Wren@lemmy.today 1 day ago
For the first few months after I moved to a rural area my cat caught about 1 mouse/week. After that, there were no mice.
Of course she brought them to my bedroom at three in the morning, still alive. And I sometimes stepped on decapitated mice in the morning. And she left dead ones on my keyboard. And I had to get a new mechanical keyboard when the guts got into it and it started to smell like death. She’s still the best
filcuk@lemmy.zip 1 day ago
My cat never brought his kills home. Only once did he bring something, years ago.
Look, I have an idea of what insides of a rodent look like. What was on my kitchen floor I could not identify to this day. It had no feathers, no fur. There were huge amounts of round fat globules. There was no blood whatsoever, no feet, now claws, no beak.
My cat probably prevented some kind of alien invasion.
fireweed@lemmy.world 1 day ago
Speak for yourself, my absolute dope of a cat was able to resolve the mouse problem in my new apartment within 48 hours (she didn’t even manage to catch any, her mere presence was apparently sufficient).
njm1314@lemmy.world 1 day ago
Nothing more Lemmy than people taking memes way too seriously in the comments.
fireweed@lemmy.world 1 day ago
MEMES ARE REAL LIFE!!!1
betterdeadthanreddit@lemmy.world 1 day ago
But how’s your grain doing?
AllNewTypeFace@leminal.space 1 day ago
If your cat relieves themself outside of their litter tray, something is probably out of sorts: perhaps they’re distressed by something in their environment, or otherwise have some health issues. The cat’s litter-tray instinct normally makes them uniquely suited to indoor living.

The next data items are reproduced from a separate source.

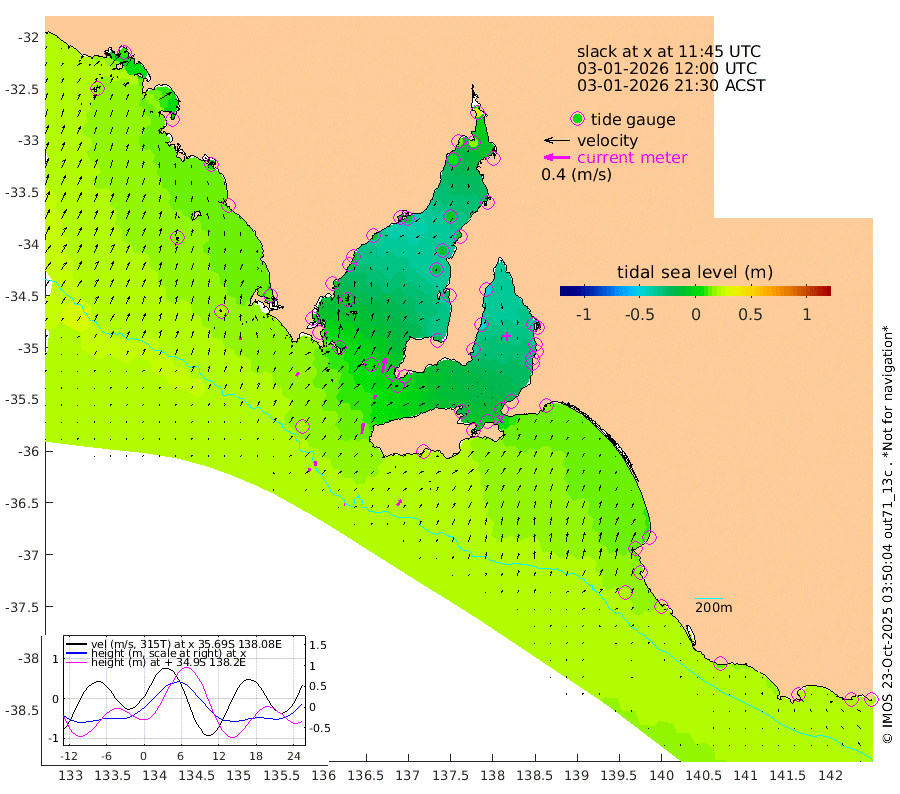 1cm/s 91T +10cm/s rms + 5cm/s 114T. SAM1DS 520m 6cm/s 30T +13cm/s rms + 5cm/s -36T. SAM2CP 100m 8cm/s -4T +21cm/s rms + 18cm/s 142T. SAM3MS 168m 11cm/s 36T +22cm/s rms + 0cm/s -30T. SAM4CY 117m 5cm/s 10T +23cm/s rms + 2cm/s 99T. SAM5CB 94m 6cm/s 14T +8cm/s rms + 3cm/s -172T. SAM6IS 83m 4cm/s -19T +11cm/s rms + 7cm/s 150T. SAM7DS 519m 24cm/s 12T +10cm/s rms + 2cm/s 87T. SAM8SG 47m 16cm/s 8T +20cm/s rms + 12cm/s -168T. NRSKAI 101m 20cm Warrnambool 19cm Port Fairy 21cm Portland 13cm Port Macdonnell 22cm Beachport 20cm Cape Rabelais (off) 17cm Robe 14cm Cape Jaffa 14cm Kingston 18cm Victor Harbor 26cm Vivonne Bay -15cm Kingscote -12cm American River -6cm Penneshaw -9cm Cape Jervis -17cm Second Valley -31cm Port Noarlunga -32cm Port Stanvac -32cm Brighton -37cm Glenelg -38cm Port Adelaide (Outer Harbor) -29cm Angus Inlet (Garden Island) -50cm Ardrossan -48cm Port Vincent -34cm Port Giles -1cm Stenhouse Bay 0cm Althorpe Island -1cm Pondalowie Bay -17cm Point Turton -19cm Port Victoria -16cm Cape Elizabeth -14cm Tiparra Reef Light -11cm Wallaroo -6cm Middle Bank -30cm Port Broughton 19cm Port Pirie 29cm Red Cliff Point (Beacon 5) 18cm Port Bonython 13cm Whyalla 7cm Western Shoal Beacon -21cm Franklin Harbor -11cm Franklin Harbor Entrance Beacon -10cm Arno Bay -13cm Port Neill -7cm Cape Hardy -4cm Tumby Bay -2cm Reevesby Island 2cm Port Lincoln 11cm Taylors Landing -10cm Whalers Bay 6cm Wedge Island Mooring 21cm Shelf Edge Mooring 14cm Coffin Bay Entrance Beacon 21cm Greenly Island 14cm Elliston 17cm Pearson Island 1cm Venus Bay 6cm Blanche Port (Streaky Bay) 10cm Thevenard 17cm St Francis Island
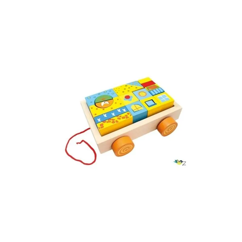Medinis traukiamas vežimėlis su 19 skirtingų spalvų medinių kaladėlių. Iš šių blokų, jūsų vaikas sukurs namus, miestus ar net pilis. Jūsų mažyliui nepritrūko idėjų ilgą laiką.
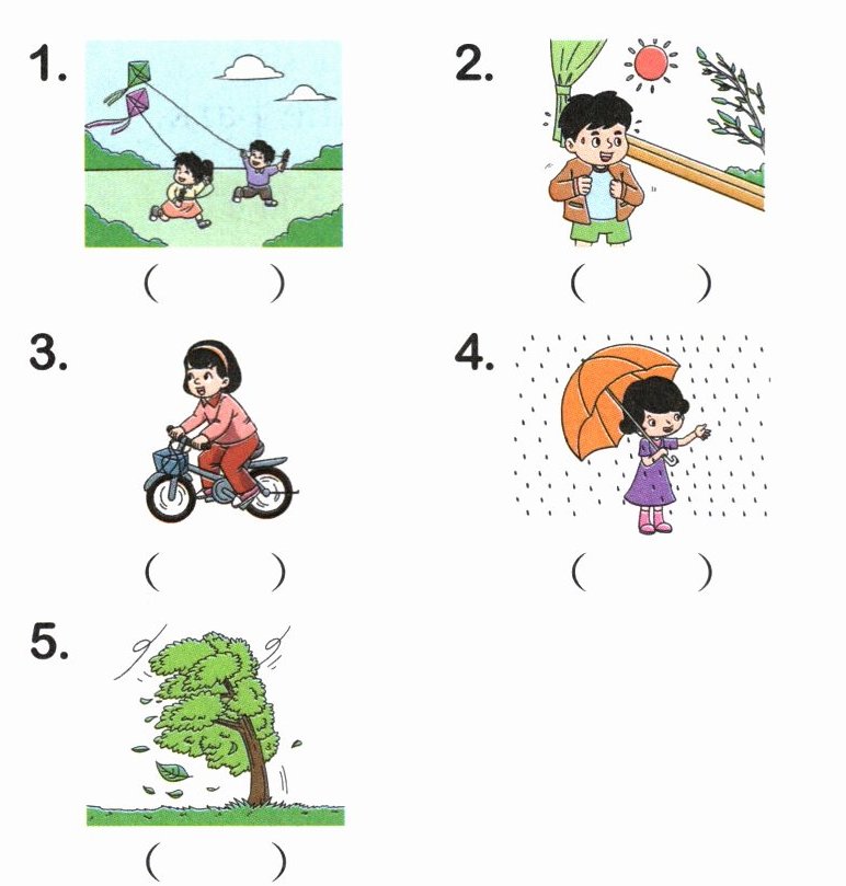 1. cold 2. windy 解析:根据 go out and fly a kite 可判断,适合放风筝的天气应该是有风的。 3. sunny 4. cloudy
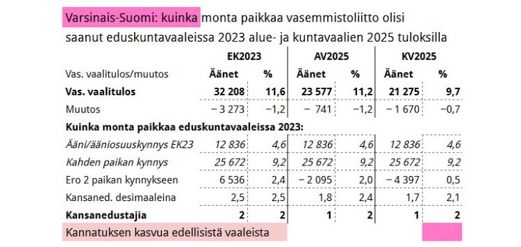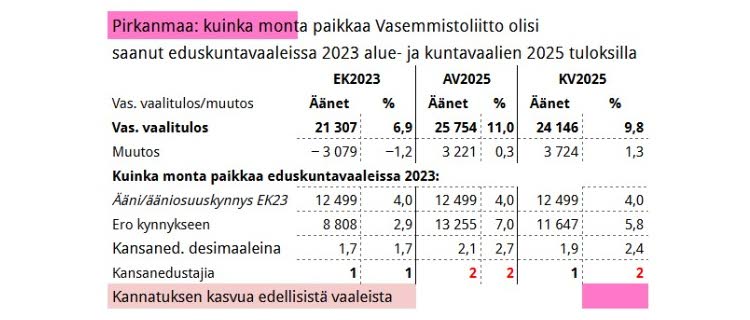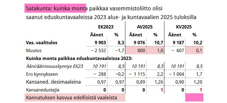 Kevään kuntavaaleissa tulos ei ollut huono, ja aluevaaleissa Satakunnan vasemmisto eteni mukavasti. Sekä kunta- että aluevaalien ääniosuuksilla kansanedustajan paikka olisi säilynyt.
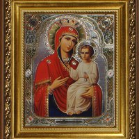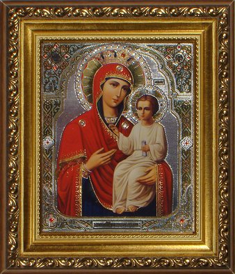 На иконе Пресвятая Богородица изображена держащей на левой руке Богомладенца, благословляющего десницей.
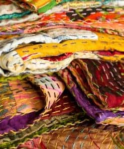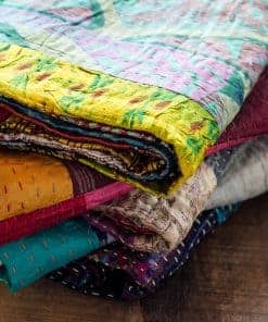 Un elegante patchwork de diseño vibrante con una sensación ligera y aireada, la serie Kantha es visiblemente única. El bordado Kantha es una técnica centenaria practicada durante siglos por hábiles artesanos indios. Cada pieza está hecha a mano con varias capas de seda unidas por un punto Kantha. Los materiales de lujo, los colores ricos, la artesanía vintage y la belleza única elevarán tu decoración e infundirán individualidad a cualquier espacio. Características: 100% seda / Hecho a mano / Técnica: Acolchado / Tamaño: 60×90 / País de origen: India / Se puede usar de varias formas: como manta, cubierta de mesa, tapiz, cubierta de playa y más / Lavar a mano en agua fría / Algunas variaciones en tamaño y color pueden ocurrir debido a la naturaleza vintage única de este producto

Lauchmelder@feddit.org 1 day ago
my cat pissed in the bed once and I immediately stepped up the hygiene of their litter boxes. It pays off to realise that your cat doesn’t do things to spite you. If they “misbehave” its usually a problem in their living space. Right now I just just need to teach them not to shit in my raised bed… Maybe I’ll get another litter box for the balcony, though they’ve gotten better
PugJesus@piefed.social 1 day ago
It pays off to realise that your cat doesn’t do things to spite you.
I don’t know about kitty hygiene in particular, but I’ve known enough cats to know that’s not true in general :p
Gullible@sh.itjust.works 1 day ago
My friend’s neighborhood has a cat that keeps the rodent population in check. Also kills all the birds but you take the good with the bad, I guess.
nagaram@startrek.website 1 day ago
I love my cats, but I’d rather my neighborhood have birds.
eestileib@lemmy.blahaj.zone 1 day ago
Your cat is a member of the family. If you had a kid and gave it food twice a day, never talked to it, and didn’t learn how to let it talk to you, your kid would also develop an internal life that you’re not really part of.
Broadfern@lemmy.world 1 day ago
What if my kid gets all kinds of treats and play, all the cuddles they want (which varies from kid to kid and day to day), in a house full of people who love them and they still puke on my floor for fun after eating too fast?
eestileib@lemmy.blahaj.zone 1 day ago
Sometimes you have to look in the mirror and think “did my cat learn about binging and puking from watching me?”
PugJesus@piefed.social 1 day ago
As my friend’s dad said after finding his wife’s cat with a headless mouse
“I hate cats, but I love a good mouser.”
Aceticon@lemmy.dbzer0.com 1 day ago
Countryside cats are still pretty much the former.